### typicalstairs

### Problem Statement

There is a staircase with `N` steps. Takahashi is now standing at the foot of the stairs, that is, on the `0`-th step.
He can climb up one or two steps at a time.

However, the treads of the `a`_{1}-th, `a`_{2}-th, `a`_{3}-th, `\ldots`, `a`_{M}-th steps are broken, so it is dangerous to set foot on those steps.

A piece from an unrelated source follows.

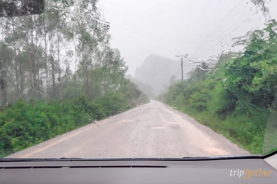 นั่งกินข้าวกันจนอิ่มแล้ว พอจ่ายเงินขึ้นรถตู้เท่านั้นแหละ ฝนห่าใหญ่ก็ถล่มลงมาจนขาวโพลน ทันใดนั้นก็เหมือนฟ้าฝ่าลงกลางใจ เพราะพี่คนขับรถหันมาบอกว่าฝนตกขนาดนี้ ผาหนามไซอันตรายเกินไป ขึ้นไม่ได้ เราก็เลยต้องเปลี่ยนแพลนกะทันหัน สิ่งที่ยากกว่าการทำใจก็คือจะไปอยู่ที่ไหนกันดีระหว่างรอฝน เพราะมันยังเช้าอยู่เลย ที่เที่ยวอื่นๆ ก็ยังไม่เปิดกัน

How many are there to climb up to the top step, that is, the `N`-th step, without setting foot on the broken steps?
Find the count modulo `1\ 000\ 000\ 007`.

### Constraints

`1 ≤ N ≤ 10`^{5}
`0 ≤ M ≤ N-1`
`1 ≤ a`_{1} < a_{2} < `...` ` < a`_{M} ≤ N-1

### Input

Input is given from Standard Input in the following format:

`N` `M`
`a`_{1}
`a`_{2}
` .`
` .`
` .`
`a`_{M}

### Output

Print the number of ways to climb up the stairs under the condition, modulo `1\ 000\ 000\ 007`.

### Sample Input 1

6 1
3

### Sample Output 1

4

There are four ways to climb up the stairs, as follows:

`0 \to 1 \to 2 \to 4 \to 5 \to 6`
`0 \to 1 \to 2 \to 4 \to 6`
`0 \to 2 \to 4 \to 5 \to 6`
`0 \to 2 \to 4 \to 6`

### Sample Input 2

10 2
4
5

### Sample Output 2

0

There may be no way to climb up the stairs without setting foot on the broken steps.

### Sample Input 3

100 5
1
23
45
67
89

### Sample Output 3

608200469

Be sure to print the count modulo `1\ 000\ 000\ 007`.